We have to take it as given that no man is immortal and that the Socrates mentioned here is a man and not, for example, a cat or some kind of spirit. Thus the first two propositions (the first two lines) contain data—something given. The last line is the conclusion reached by formal logic.

This long, historical connection between data and logic is what seems to have made data something special in the first place. There is also a strange echo of it today in data management. Just like the logicians, we data managers do not see it as our task to inquire as to whether the data is right or wrong—we are much more concerned about ensuring that we process it correctly and manage it well. Of course, we can test for data quality and audit data to detect inconsistencies or even fraud. But we do not check if the data really represents what it purports to represent. If that is done at all, it is not done by data managers. 

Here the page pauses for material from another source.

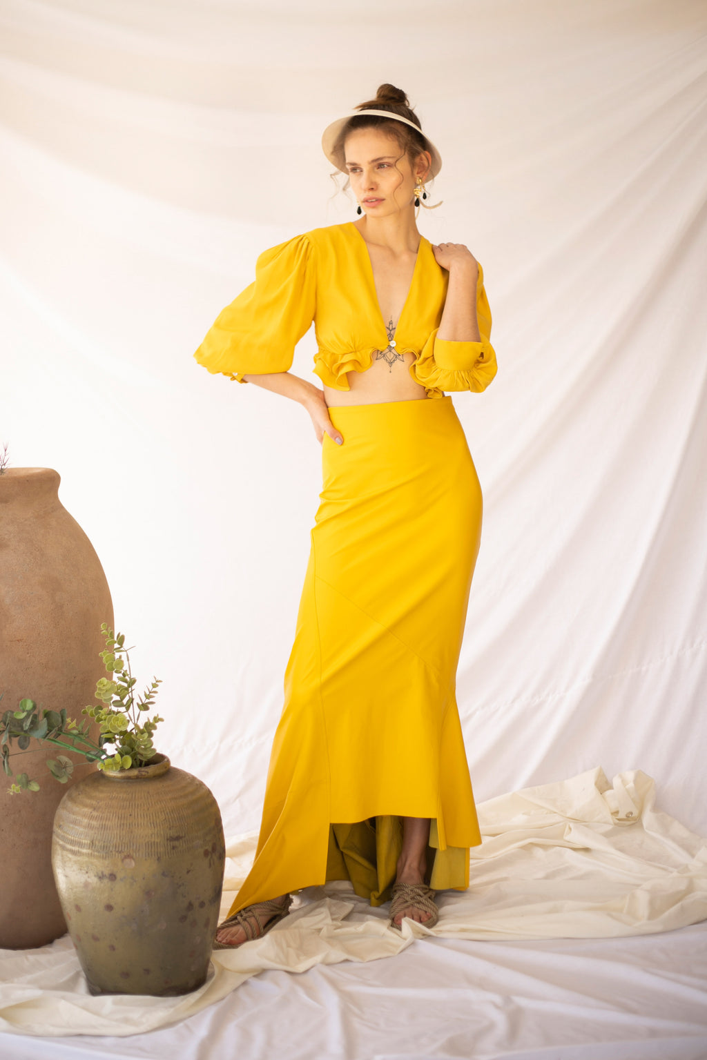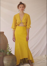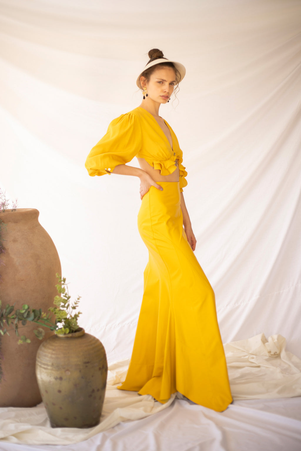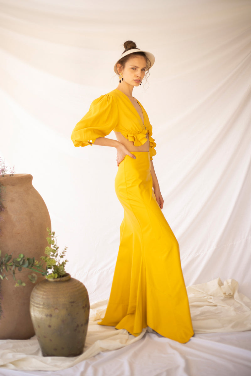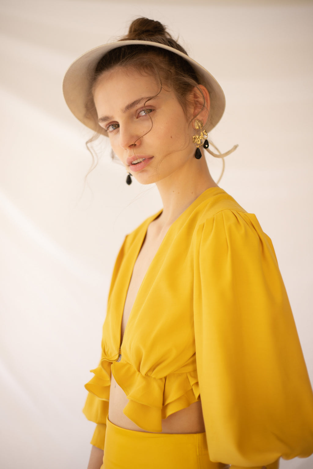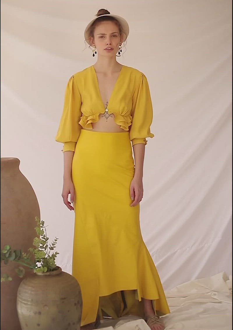 Crop top en viscosa con mangas abombadas ¾. Escote en V. Cierre con botón de nácar delantero. Detalle pliegues y volantes bajo pecho.

The Transition to the Modern Concept

With the Renaissance, science turned to contemplate nature more than the human mind, and the "data" of the logicians came to be understood more as the recorded "facts" of the scientists. At this point, we need to understand what "fact" means. It is a term that comes from "facta gestae," which is Latin for "things done," meaning deeds, the raw material of history. Today there are other understandings of what "fact" means, but this was what was originally meant.

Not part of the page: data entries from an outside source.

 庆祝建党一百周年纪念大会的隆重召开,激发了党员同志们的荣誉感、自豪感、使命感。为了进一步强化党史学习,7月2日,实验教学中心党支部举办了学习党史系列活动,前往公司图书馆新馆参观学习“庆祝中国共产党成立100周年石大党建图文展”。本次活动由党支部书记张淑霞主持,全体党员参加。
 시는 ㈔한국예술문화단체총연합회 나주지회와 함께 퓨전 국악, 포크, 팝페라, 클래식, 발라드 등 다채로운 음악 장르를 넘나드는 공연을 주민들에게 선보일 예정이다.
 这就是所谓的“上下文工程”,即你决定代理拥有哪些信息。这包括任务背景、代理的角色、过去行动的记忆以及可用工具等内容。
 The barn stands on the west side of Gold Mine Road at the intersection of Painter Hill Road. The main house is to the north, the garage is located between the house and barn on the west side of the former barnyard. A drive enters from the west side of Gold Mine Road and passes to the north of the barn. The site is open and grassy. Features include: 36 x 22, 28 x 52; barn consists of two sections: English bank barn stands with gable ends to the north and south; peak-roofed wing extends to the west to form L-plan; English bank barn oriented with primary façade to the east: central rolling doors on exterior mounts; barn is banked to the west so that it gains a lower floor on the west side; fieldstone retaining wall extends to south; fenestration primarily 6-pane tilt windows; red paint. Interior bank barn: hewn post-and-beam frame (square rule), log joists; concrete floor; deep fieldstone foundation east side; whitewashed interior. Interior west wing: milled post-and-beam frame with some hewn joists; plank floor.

Scientific data—scientific "facts"— is about observations and measurements. This kind of data can indeed be found today in the databases that data managers look after, although it is usually in a minority. It is very important in some areas, such as petroleum exploration and production, and some aspects of manufacturing. However, it is fair to say that most modern data is not of this type, and so it is not really possible to define data as solely as being scientific data.   

The Modern Concept of Data

So what is data? According to Wikipedia, data is "information in a form suitable for use with a computer." My opinion is that trying to define data in terms of information is always going to be a nonstarter. One reason is that "information" is more difficult to define than "data," and you cannot include a term more obscure than the term you are trying to define in its definition. Another reason is that I believe that the definition of "information" depends upon the definition of "data", so you get a circular definition if you include "information" in the definition of data. I am willing to be proven wrong on all this, but for now I would like to define data without having to bring in "information."
The starter definition that I use, although I can no longer find the source for it, is that data is "the stored representation of a fact."

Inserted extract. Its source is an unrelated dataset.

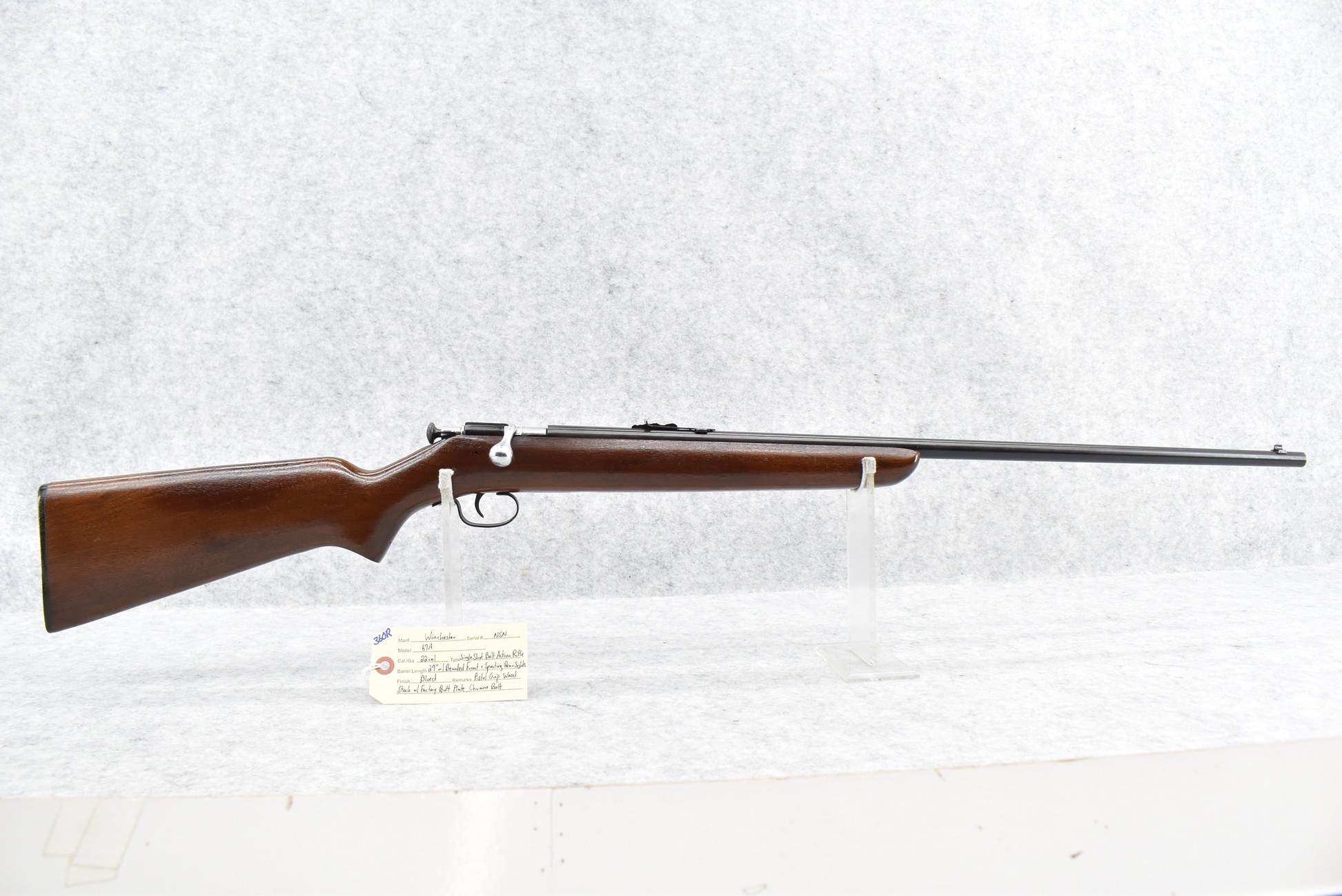 360R. Winchester – Mod. 67A – 22 Cal. Single Shot Bolt Action Rifle – w/27” Barrel w/Beaded Front & Sporting Rear Sights – Blued Finish – w/Pistol Grip Wood Stock w/Factory Butt Plate – w/Scarce Chrome Bolt

That data is "stored" implies that it is housed in a physical medium. This also distinguishes data from a signal, which involves the transmission of encoded information from a sender to a receiver. This is important because perception is often referred to as consisting of "sense data."  The problem here is that a receiver consumes the signal it receives, and this part of the signal is no longer available for further consumption. By contrast, data is available in a physical medium that can be re-read, and the act of reading the data does not consume it. Hence, a signal is not like data, and the distinction is because data is stored in a physical medium.

Data clearly involves representation because data has significance. It refers to something else. It is a sign that points to something other than itself. Here we have an important clue because it would seem that signs are the supertype of data, and to get a good definition all we need is to differentiate data from other kinds of signs. So what is a sign?  Charles Sanders Peirce defined "sign" in Baldwin's Dictionary of Philosophy as "Anything which determines something else (its interpretant) to refer to an object to which itself refers (its object) in the same way, the interpretant becoming in turn a sign, and so on ad infinitum."

Peirce may have been one of the most intelligent Americans who ever lived, but he is not exactly an easy read. He goes on to subtype signs into icons, indexes, and symbols. An icon is a sign that looks like what it signifies (e.g., a picture of a flame looks like fire. An index is a sign that does not need an interpretant (e.g., smoke always signifies fire). A symbol is a sign that does require an interpretant to use a convention to understand it (e.g., words are just noises we produce in the air that have to be understood to signify anything).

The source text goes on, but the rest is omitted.